Elle est devenue instantanément une icône de la résistance. Après son intervention héroïque lors du journal télévisé de Percy Kanal, le plus regardé du pays ce 14 mars, la productrice et journaliste russe Marina Ovsiannikova avait été immédiatement arrêtée. Son crime ? Avoir protesté contre l'invasion de l'Ukraine en brandissant une pancarte "Non à la guerre". Elle avait également justifié sa position dans une vidéo préalablement enregistrée en diffusée par l'ONG de défense des droits humains OVD-Info. Un geste de bavoure salué par le président ukrainien Zelensky.
Après avoir été présentée ce mardi 15 mars devant un tribunal moscovite, Marina Ovsiannikova a, contre toute attente, été libérée après avoir été condamnée à payer une amende de 30 000 roubles (environ 250 euros) pour "infraction administrative", selon une journaliste de l'AFP présente à l'audience. Mais si la journaliste protestataire est aujourd'hui libre, d'autres charges pourraient peser contre elle.

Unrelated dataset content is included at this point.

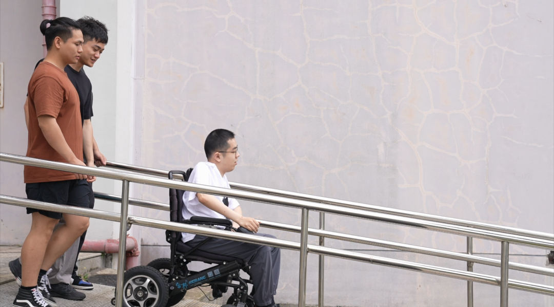 由于行动不便,王琪沣的妈妈多年来一直陪在他身边照顾。了解情况后,学校用心安排了小王入校后的诸多生活学习细节:为母子俩专门安排了一间位于一楼的无障碍宿舍,同时改造了教学楼设施,增设了多处无障碍通道,方便轮椅进出。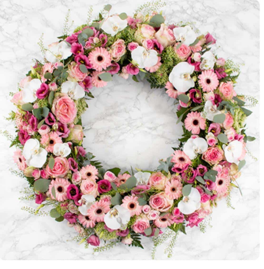 ¿Quieres expresar tus sentimientos con delicadeza y belleza natural? La Corona Floral Rosa Serenidad está elaborada con flores frescas en tonos suaves de rosa, blanco y verde. Combina distintas variedades florales con follaje natural, creando un diseño armonioso y elegante. Ideal para transmitir amor, gratitud o condolencias con serenidad y respeto. Disponible en tamaños de 70, 90 y 120 cm de diámetro.

En effet, elle pourrait être poursuivie et condamnée pour publication d'"informations mensongères" sur l'armée russe et encourir jusqu'à 15 ans de prison. Une façon pour le pouvoir russe d'en faire un exemple afin d'étouffer une fois de plus toute contestation.
"Je présume que ma cliente encourt une procédure pénale et non pas administrative en vertu d'une nouvelle loi qui prévoit jusqu'à 15 ans de prison", a ainsi indiqué son avocat Daniil Berman à l'AFP. "Il y a une forte probabilité que les autorités en fassent un exemple pour faire taire d'autres protestataires."
Pourtant, ces menaces ne semblent pas effrayer la courageuse journaliste. A la sortie de l'audience, Marina Ovsiannikova, épuisée, s'est confiée face aux journalistes. "J'ai passé près de deux jours sans sommeil, l'interrogatoire a duré quatorze heures", a-t-elle expliqué. "Je n'ai pas eu le droit de parler avec mes proches, ni eu accès à une assistance juridique et c'est pourquoi j'étais dans une position très difficile."
Et loin de se laisser intimider, elle reste fermement campée sur ses positions, sans l'once d'un regret. "Je reste convaincue que la Russie commet un crime (...) et qu'elle est l'agresseur de l'Ukraine", a-t-elle affirmé. "Ma vie a beaucoup changé, c'est sûr. Je suis contente d'avoir exprimé ce que je pensais. Plus important, il y a maintenant une nouvelle tendance : d'autres journalistes suivent mon exemple."
Son appel à la protestation sera-t-il entendu auprès de la population russe, alors que toute manifestation contre le pouvoir se trouve immédiatement et brutalement sanctionnée par les autorités ? Depuis le 24 février, au moins 14 700 personnes auraient déjà été interpellées en Russie lors de manifestations contre l'invasion de l'Ukraine, selon l'ONG OVD-Info.